_Exercise description_:
Using the records below, copy exactly the part that opens with the line holding "Для пола можно" and closes with the line holding "Dřevěný multifunkční stolek", minus the pictures.

_Records provided_:
╔══

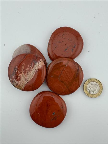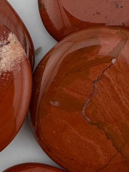 Red jasper is renowned for its healing properties, helping to strengthen the body, detoxify, and prevent negativity. This stone enhances emotions, empowers inner strength, and clears the root chakra for grounding and stability. Each piece is a unique natural crystal, so markings and patterns may vary. Size approx. 45mm diameter x 5mm depth.
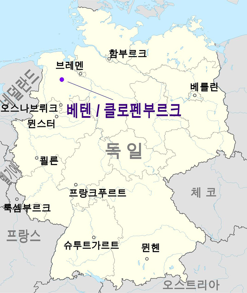 ※ 뮌스터, 브레멘에서 클로펜부르크까지 각각 1시간 10분, 50분 소요. 기차로는 클로펜부르크역까지 와서 버스로 환승(9정거장)
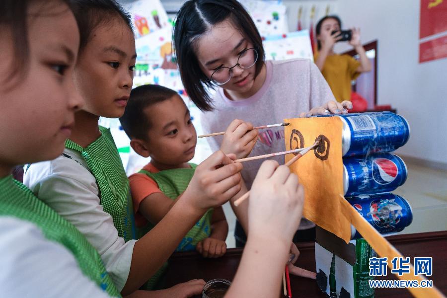 当日,浙江省长兴县林城镇为当地乡村的孩子们开设主题为“环保第一课,发现家乡美”的暑期课堂。杭州师范大学的大学生志愿者和乡镇工作人员一起为孩子们讲解垃圾分类知识,带领他们用废旧物品制作环保装饰品,通过绘画的方式展现家乡最美的一面。新华社记者徐昱摄
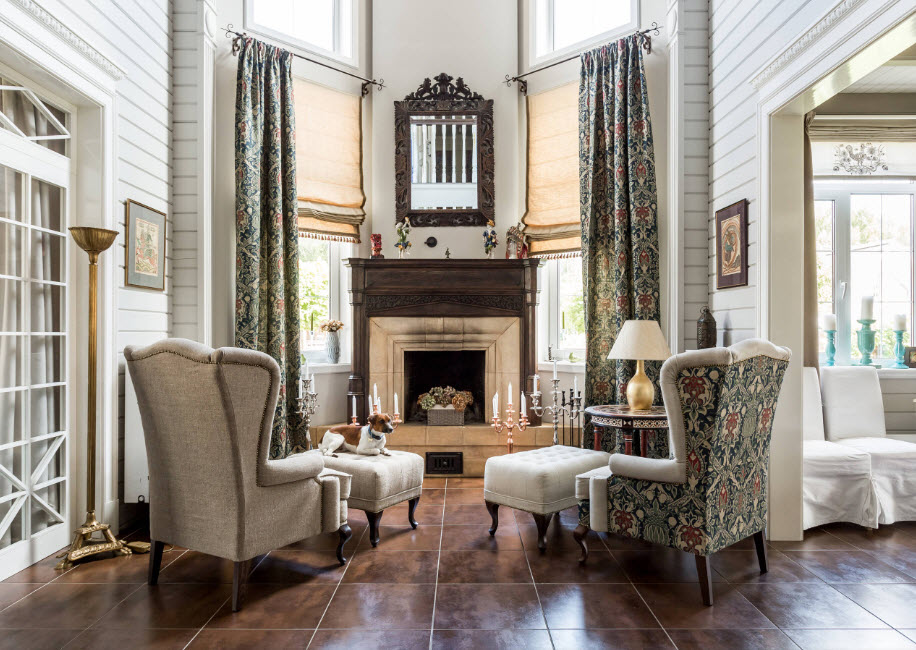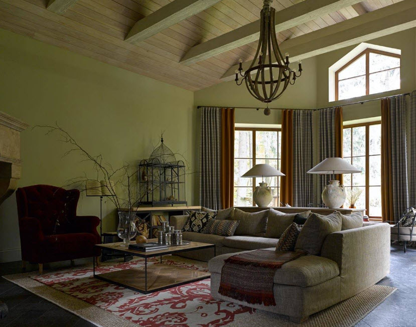 Для пола можно использовать паркет или ламинат, линолеум и деревянную доску, керамическую плитку или ковролин. Отделку стен можно произвести с помощью кирпичной или каменной кладки, фактурной штукатурки или обоев. Потолок должен блестеть и сеять, поэтому оставить его без внимания нельзя. Лучшим решением является натяжная конструкция с глянцевой поверхностью, при этом цвет должен быть чуть светлее, чем поверхность стен. Альтернативное решение – подвесные или крашеные потолки теплой и мягкой цветовой палитры.
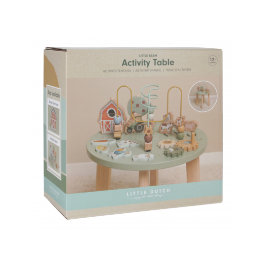 Dřevěný multifunkční stolek v krásném a vysoce kvalitním provedení nabízí vašemu dítěti množství různorodých aktivit, které dítě zabaví a zároveň pomáhají rozvíjet jeho jemnou motoriku i jednotlivé smysly. Lákat dítě ke zkoumání budou pohyblivé, posuvné i odnímatelné dřevěné díly v podobě traktoru, ovečky, kravičky a dalších motivů ze života na farmě. Díky stabilnímu dřevěnému provedení je stolek vhodný i pro děti, které hledají oporu při prvních krůčcích. Stolek je součástí designové kolekce hraček a doplňků Little Dutch Farma. Vyrobeno z dřeva certifikovaného FSC. Rozměry: 39 x 39 x 54 cm Vhodné pro děti od 12 měsíců.
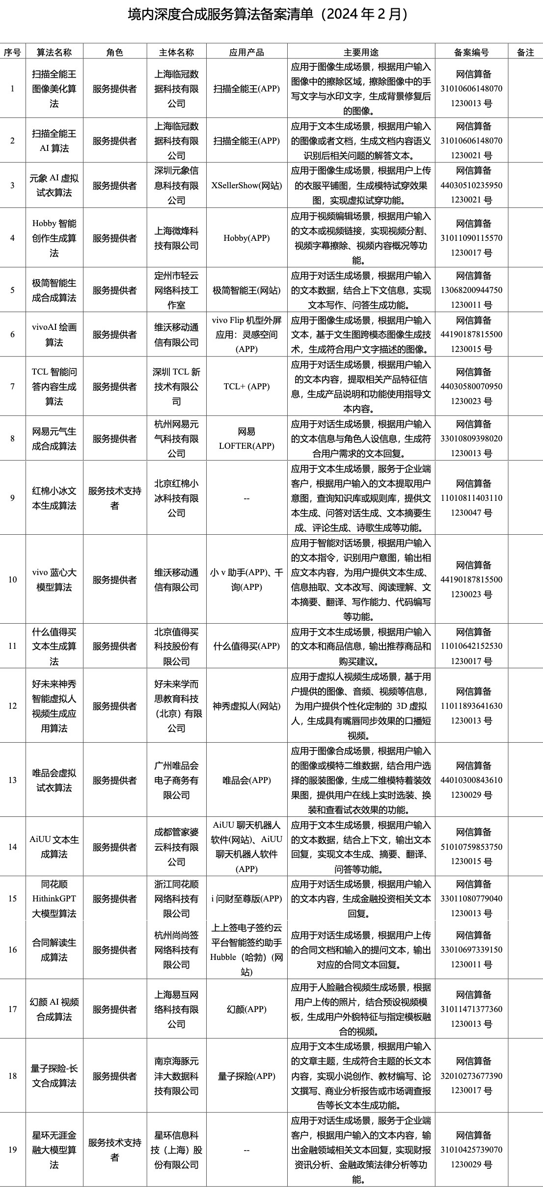 详细备案清单地址:http://www.cac.gov.cn/2024-02/18/c_1709925427424332.htm
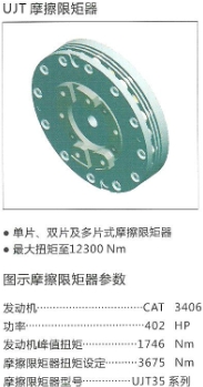 UJT摩擦限距器安装在传动轴法兰上。限距器的安全扭矩设定为低于机械离合器的最大扭矩和传动轴的破坏扭矩值,限距器起到同时保护离合器和传动轴的作用。

╚══

_Response box_:
 Для пола можно использовать паркет или ламинат, линолеум и деревянную доску, керамическую плитку или ковролин. Отделку стен можно произвести с помощью кирпичной или каменной кладки, фактурной штукатурки или обоев. Потолок должен блестеть и сеять, поэтому оставить его без внимания нельзя. Лучшим решением является натяжная конструкция с глянцевой поверхностью, при этом цвет должен быть чуть светлее, чем поверхность стен. Альтернативное решение – подвесные или крашеные потолки теплой и мягкой цветовой палитры.
 Dřevěný multifunkční stolek v krásném a vysoce kvalitním provedení nabízí vašemu dítěti množství různorodých aktivit, které dítě zabaví a zároveň pomáhají rozvíjet jeho jemnou motoriku i jednotlivé smysly. Lákat dítě ke zkoumání budou pohyblivé, posuvné i odnímatelné dřevěné díly v podobě traktoru, ovečky, kravičky a dalších motivů ze života na farmě. Díky stabilnímu dřevěnému provedení je stolek vhodný i pro děti, které hledají oporu při prvních krůčcích. Stolek je součástí designové kolekce hraček a doplňků Little Dutch Farma. Vyrobeno z dřeva certifikovaného FSC. Rozměry: 39 x 39 x 54 cm Vhodné pro děti od 12 měsíců.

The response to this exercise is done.